Bachelor and Master Thesis Topics within the AG Genome Informatics

The following is a (probably incomplete) list of thesis topics offered within the Genome Informatics group. If you are interested in working on one of these (or anything else in Genome Informatics), please contact the responsible group members or see Prof. Jens Stoye.

Alignment-free Phylogenomics with Copy Number Variations (Bachelor)

Andreas Rempel, Roland Wittler (Please also refer to the project page: SANS serif)

SANS serif is a software that allows the reconstruction of a phylogenetic network from a set of input genomes. For this purpose, the current implementation explores the presence/absence of k-mers in the DNA sequences. However, this method is not capable of detecting copy number variations, which would require counting and comparing the number of occurrences of each k-mer in each input sequence. The aim of this project is an efficient implementation of this extended method, but also an evaluation as to whether it improves the quality of the resulting phylogenetic network.
Good knowledge of C++ is highly recommended.

Improvement of Sequence-to-Graph Alignment (Bachelor)

Tizian Schulz (Please also refer to the project page: PLAST)

PLAST is a new heuristic method to find maximum scoring local alignments of a DNA query sequence to a pangenome represented as a compacted colored de Bruijn graph. The first method has been published here, but there exist various ideas how to improve the method. Some are well suited for a Bachelor thesis. Contact Tizian for details.

Medical Bioinformatics Projects in Australia (Master)

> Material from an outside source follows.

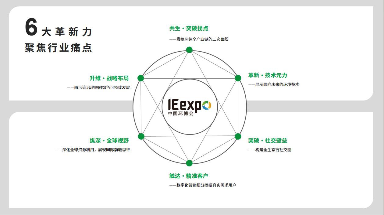 为适应当前的发展形势,中国环博会IE expo将持续推进六大能力的自我革新,即:一、拓展数智化等跨界产业与传统环保产业的共融交集,提升平台“共生力”,发掘环保全产业链内的发展第二曲线;二、由污染治理转向绿色可持续发展,培育在碳中和领域的战略布局,提升平台“升维力”;三、展出面向未来的环境技术,提升平台“革新力”,提升环保科技创新动能;四、深化IFAT全球资源的利用,展现国际前瞻思维,提升平台“视野力”;五、创造平台打破创新链、产业链、资金链、人才链的融合壁垒,提升平台“社交力”;六、深化数字营销体系,配合发起关键营销战役,精准聚拢真实需求用户人群,提升平台“触达力”。

Jens Stoye, Lutz Krause (University of Queensland Diamantina Institute, Brisbane, Australia)

In collaboration with the Computational Clinical Genomics Group at the University of Queensland Diamantina Institute, Brisbane, Australia, we develop and apply bioinformatics and data-mining methods in the context of biomedical research. Student projects are available in the context of biomarker discovery for cancer, genome-wide epigenetic association studies, analysis of next-generation sequencing data, mining and visualizing the human microbiota, evolutionary genomics of human parasites, calling structural variants from next-generation sequencing data and genome-wide association studies (GWAS).